Freyda tossed back a pile of skins. The boy huddled beneath them, frightened and teary-eyed.
Andor caught them in his arms and carried them to the safety of his ship while the men salvaged all they could find, including the bodies of their fallen friends. Then Olaf's ship was released to let the sea claim what it was so determined to have.
"To shore, Rollo," Andor said. "We have our dead to care for."
* * *
It was as fitting a funeral as they could arrange so far from home--a simple grave for each person with all their possessions which remained to accompany them on their next journey. A few others had washed ashore with the evening tide, including Astrid whose lovely face was bloated in death. Andor was grateful he could give her a proper send off. As he placed her gently in her grave, he touched her rounded belly for the first and last time. At least mother and child would be together in the next life.
It was an emotional time for all, but Andor refused to allow himself to give in to tears. They had lost thirty people. It was time for decisions, not emotions.
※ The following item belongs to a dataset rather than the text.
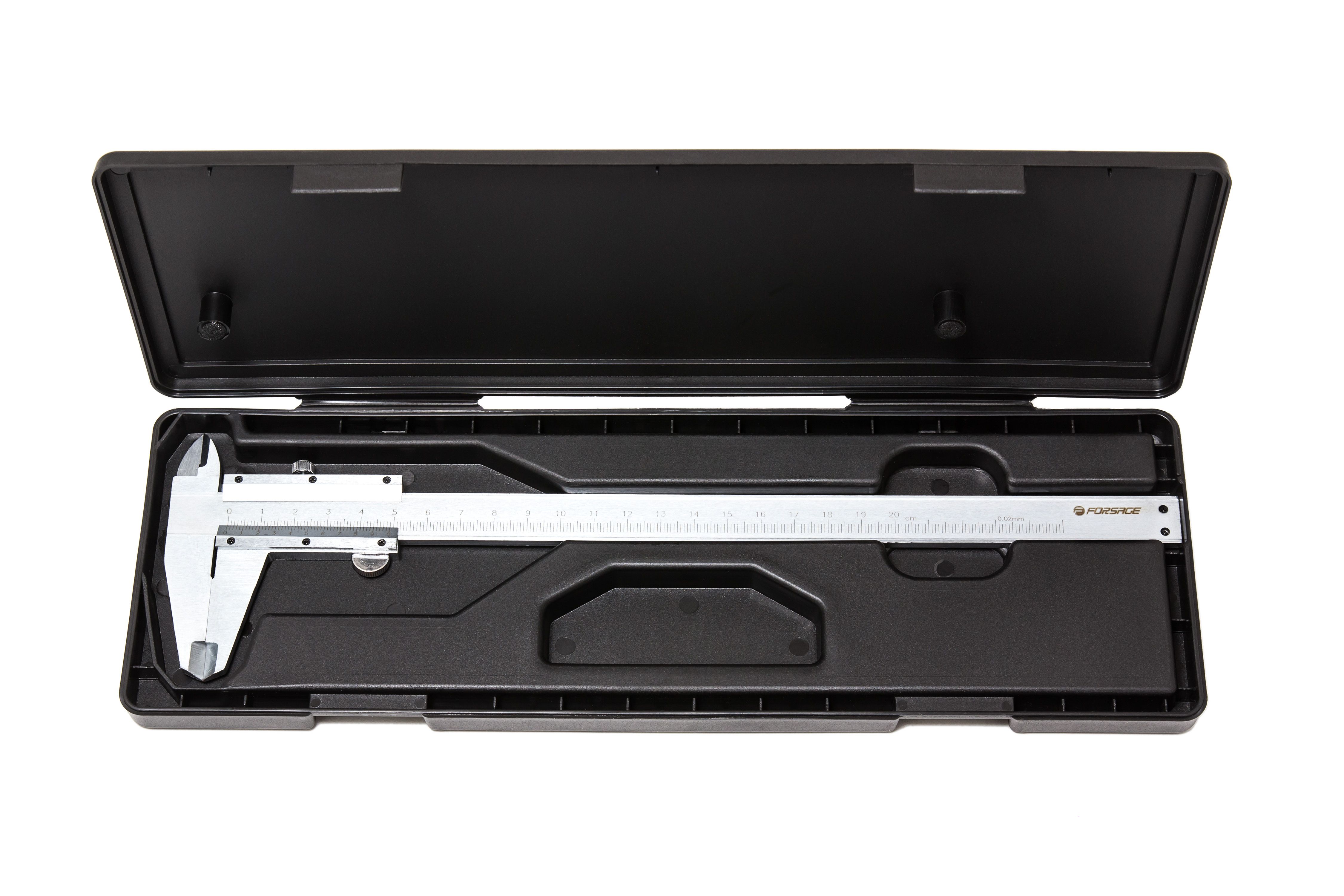 Склад: Штангенциркуль (0-200мм, 0.02мм; внутр. Ø, наруж. Ø + глибиномір), у пластиковому футлярі Forsage F-5096P2

When the last grave was marked, he faced his people.
"We have lost much and come far, but I will gladly return those who wish to go home."
Leif took a stand beside him. "I have no desire to return just to start another journey next year, but I will give my ship and half my provisions for those of you who wish to leave. If that is all right with Andor."
Andor nodded. There was a murmur among the people and slowly each one made a decision. More than half chose home. Without question Leif's animals and half his stores were moved to Andor's ship. The thirty who remained waved their friends off.
"To Ireland?" Leif asked Andor.
Andor rubbed the weariness from his neck. "I have no desire for raiding."
"If not, we will not make it to Iceland," Leif said.
Andor sighed and looked over the horizon. "Then we shall go a-viking."
In his youth raiding had been an exciting experience. As he grew in years, his conscience did not agree with stealing from others. Still, Leif was right--they had to survive. When they reached Ireland, Andor would leave the raiding to Leif and remain onboard to await their return. Perhaps his guilt would then not be so great.